Again, your assumption is incorrect. I have tried this and benchmarked
it, and it is slower by something like a factor of two, depending on
the element type. The code I'm writing is performance critical, so
this matters.
If that overhead is unacceptable to you, see above for an alternative
that doesn't have that overhead.

I'm not sure what alternative you are referring to.
But, assuming that the effort seems too substantial, you always have the
option of implementing your own generic queue and stack classes that do
support ICollection<>. Just because the built-in classes don't do what
you want, that doesn't mean you're stuck with them.

I don't see the sense of that argument. There are queue and stack
implementations in the framework. They should be usable, but are not.
Writing my own is no good because the code I'm talking about is part
of a library that application code links with. It is that application
code that wants to use stacks and queues and pass them to other
libraries, that expect them to be the .NET versions, not some
homegrown version. If I do what you suggest, the application would
have to copy between the homegrown versions and the .NET versions as
it passes these containers around. Doing this is unacceptable, both
because it is messy in the code because it incurs an unacceptable
performance penalty.

Cheers,

Michi.
 
Michi said:
[...]
And if so, why not just use
the IEnumerable<> generic interface there? It's implemented by all four
generic classes you're talking about.

IEnumerable<T> works for getting at the elements for all four
containers, yes. However, when I marshal a collection onto the wire, I
have to write the number of elements, followed by the actual elements.
If I pass the collections as IEnumreable<T>, I can no longer get at
the count of elements, because that count is part of ICollection<T>,
not IEnumerable<T>.

Surely the caller could just pass the count as a parameter. I mean, you
also could obviously enumerate the collection twice, but I don't think
that should be necessary.
Your expectation is incorrect. I have measured this by marshaling in
one process, sending the data via TCP/IP to another process, and
unmarshaling it there. Boxing makes transmission and receipt of
sequences of 50,000 ints slower by a factor of 5.5.
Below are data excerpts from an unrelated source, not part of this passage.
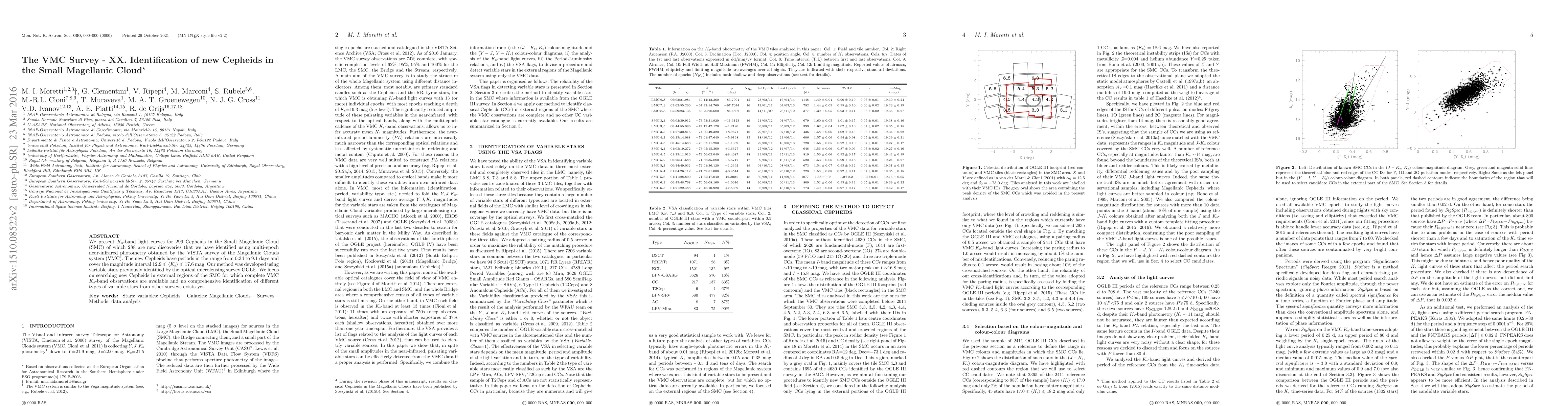 The VMC Survey identified 288 new Cepheids in the Small Magellanic Cloud using multi-epoch near-infrared photometry from the VISTA survey, expanding the known population of these variable stars in the SMC. The new Cepheids have periods ranging from 0.34 to 9.1 days and cover a magnitude range of 12.9 to 17.6 mag.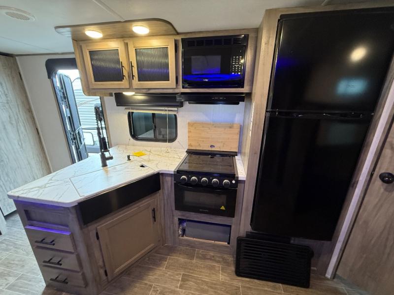 With every Forest River Cherokee Alpha Wolf travel trailer, you can enjoy off-grid camping with the Juice Pack solar power feature which includes a 50W roof mount panel, Series 27 battery, battery disconnect and box, volt meter and 30 Amp solar charger. The Juice Pack will continuously charge your battery bank and power your entire 12V electrical system including your Cannon refrigerator. With good sun your refrigerator will run for 60+ hours. Some other highlights include Zebra shades in the main living area, a motion sensing night light in the bathroom, plus deluxe furniture and bedding including a super-plush Evergreen mattress for your comfort. Each unit is constructed using a one-piece fiberglass, gel-coated, front cap with LED strip lights, an engineered wood "SuperTruss" roof structure, and "ToughBend" rigid skirt metal making each Alpha Wolf more aerodynamic and having increased structural strength. Be the Alpha in your group, choose your very own Cherokee Alpha Wolf trailer today!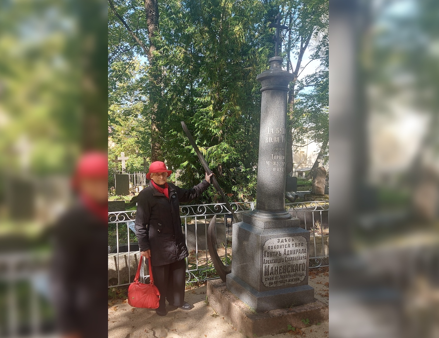 Мария Григорьевна ведет к могиле Александра Степановича Маневского. Она рассказывает, что это – русский контр-адмирал, уроженец Ревеля. Служил на Балтийском море и находился в распоряжении Императорского Санкт-Петербургского яхт-клуба. Командовал броненосной башенной лодкой «Лава», был начальником военно-исправительной тюрьмы Морского ведомства… В 1880 году произведён в чин контр-адмирала с увольнением в отставку. Именем контр-адмирала Александра Степановича Маневского названы мыс в заливе Ольги и прилегающая к нему бухта на Дальнем Востоке России. Здесь же похоронен сын контр-адмирала.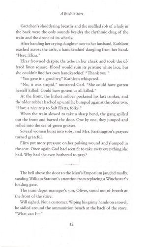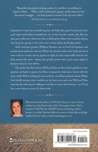 Impatient to meet her intended groom and help him grow his general store, mail-order bride Eliza Cantrell sets out on her travels a week early. But her plan goes sadly awry when her train is held up by robbers who steal her dowry and Axel, her groom-to-be, isn't even in town when she finally arrives.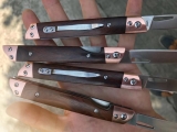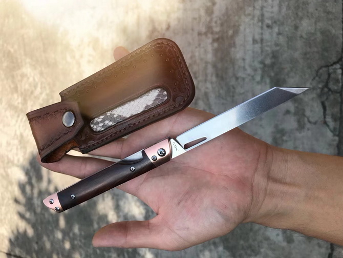 总长:21.8cm,刃长:9.5cm,刃厚:2.5mm,刃宽:1.5cm,钢材:奥地利进口M390粉末钢,硬度:60-62HRC,热处理:上海真空深冷热油淬热处理,开刃方式:水冷手工多次抛光开刃,柄材;美国沙漠铁木+紫铜,皮套:意大利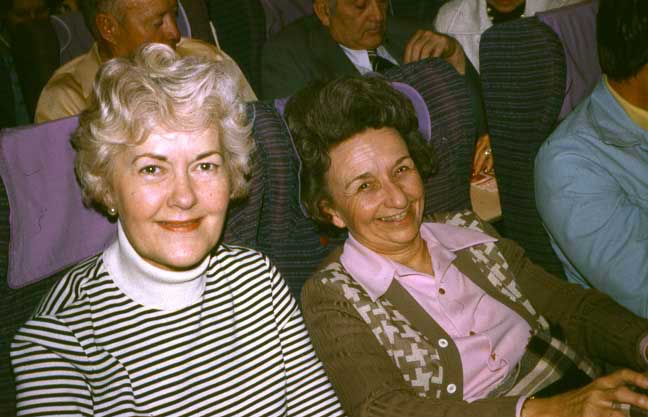 In 1977, Pappy and Norma put together a trip to Paris for themselves and some special friends-and-relations. I’m fuzzy on the details, but here’s Rita Miller on the plane. Below, they’re gathered at a café; Rita leans back to face the camera. |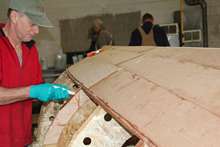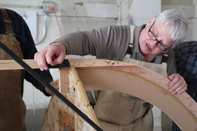 The planks are pre-spiled, but one still has to use arcane methods to fit the rolling bevels. Here we use a magic batten painted with flat black paint to determine the tricky bevel at the keelson/stem transition. The batten is rubbed along the lie of the plank and the black paint is planed off.

Could you post a concise-but-complete example of code that demonstrates
this difference?

That difference is, obviously, far larger than I would have expected.
It's large enough for me to wonder if there's not something else going
on. But it's hard to comment without seeing the code.
I don't need to do this only for sequences of int, but also for
sequences of bool, byte, string, etc. I have ten types overall. So,
instead of having to write ten methods, I have to write forty. I
believe that writing forty methods instead of ten is substantial extra
effort, even if the method implementations are trivial.

So, your overloads are not actually generic, even though that's what you
posted above? Okay.

I submit that in the time it's taken you to discuss the shortcomings of
ICollection versus ICollection<>, you could have had all forty methods
written.

Any of the "interesting" code should be shared, and so should only have
to be written ten times (once for each non-generic type you have to deal
with). The "uninteresting" code that has to be written four times
should be able to simply be copied and pasted, replacing each
non-generic type as necessary in each group of copied methods.

Only the "uninteresting" part is overhead anyway (you'd have to write
the ten versions regardless), and even estimating conservatively, it
shouldn't take more than ten minutes to do the whole thing (one minute
per copied-and-pasted block of code, including the necessary
search-and-replace operation).
There are other reasons why I need to distinguish between List<> and
LinkedList<>, so I still need the overload.

Now I'm really confused. If you need the overload anyway, then in what
way is the difference between ICollection and ICollection<> relevant _at
all_?

I mean, I see the theoretical difference. But it apparently doesn't
apply to you anyway. Even if ICollection<> was implemented by Stack<>
and Queue<> you'd have three different methods anyway (assuming that
just as List<> and LinkedList<> need to be handled separately, they each
would need to be separate from Stack said:
But that's beside the point: the core problem is that we have four
containers in the framework, but two of those containers cannot be
filled generically. I see no good reason for this limitation.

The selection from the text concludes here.